2. This one has actually been done for you, bcall(_DrawRectBorderClear) (http://education.ti.com/calculators/downloads/US/Software/Download/en/177/6585/83psysroutines.pdf#page=142) draws a rectangle with a white inner section. (Page 142 if your browser doesn't redirect you)
3. If you mean just draw text, then bcall(_vPutS) is your routine. But, if you mean draw text within a certain boundary area, bcall(_SFont_Len) will tell you how long an individual letter is. From there, you can draw the letters 1 by 1 with bcall(_vPutMap) and start a new line whenever you run out of space. (bcall(_SFont_Len) is on page 47 of that pdf I linked above)
4. There are so many sprite rendering routines, there's no need to make a new one. Here (http://wikiti.brandonw.net/index.php?title=Z80_Routines:Graphic:put8x8sprite) is a page for 8-bit wide sprites and here (http://wikiti.brandonw.net/index.php?title=Z80_Routines:Graphic:put16xBsprite) is a page for 16-bit wide sprites. However, if you want just a single routine to do all of your sprites no matter how big they are, this (http://wikiti.brandonw.net/index.php?title=Z80_Routines:Graphic:putLargeSprite) is your routine. Of course, picking one of the smaller ones would be faster than this though.

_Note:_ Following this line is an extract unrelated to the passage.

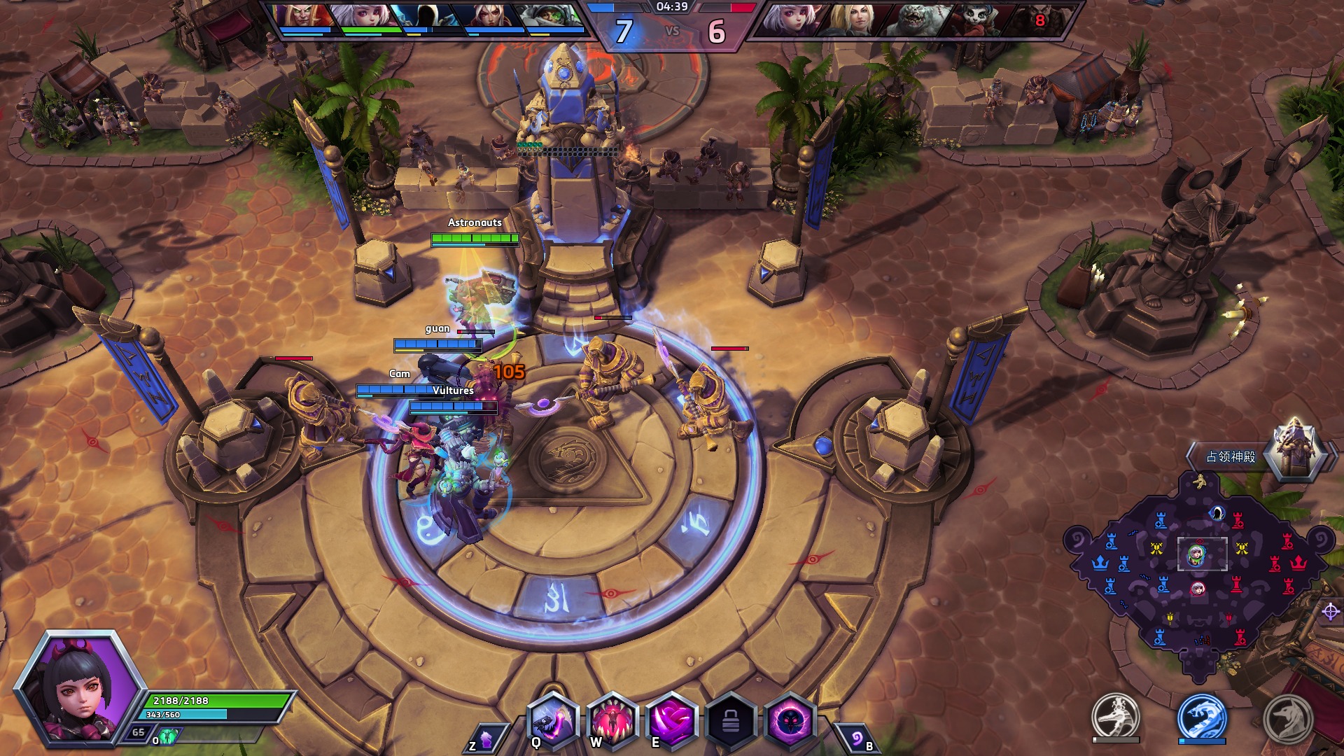 新英雄第二天,没显示该英雄要匹配时间会很长,预计结果等了10分钟。然后进游戏三个奶,四个人占点到最后就打死了大怪。玩NM啊

As for the delays, your best bet is to make a single delay routine and call it. In all honesty this routine right here is probably all you need:
Delay:
dec hl
ld a, h
or l
jr nz, delay
ret
-
1. I know my house might get bombed for this, but honestly, the only way I can see to do this would be to check out how Axe does it. Axe draws perfect circles very quickly and if I needed a circle routine, I would just copy axe's.
Ok. Will do.
2. This one has actually been done for you, bcall(_DrawRectBorderClear) (http://education.ti.com/calculators/downloads/US/Software/Download/en/177/6585/83psysroutines.pdf#page=142) draws a rectangle with a white inner section. (Page 142 if your browser doesn't redirect you)
Awesome. Thanks.
3. If you mean just draw text, then bcall(_vPutS) is your routine. But, if you mean draw text within a certain boundary area, bcall(_SFont_Len) will tell you how long an individual letter is. From there, you can draw the letters 1 by 1 with bcall(_vPutMap) and start a new line whenever you run out of space. (bcall(_SFont_Len) is on page 47 of that pdf I linked above)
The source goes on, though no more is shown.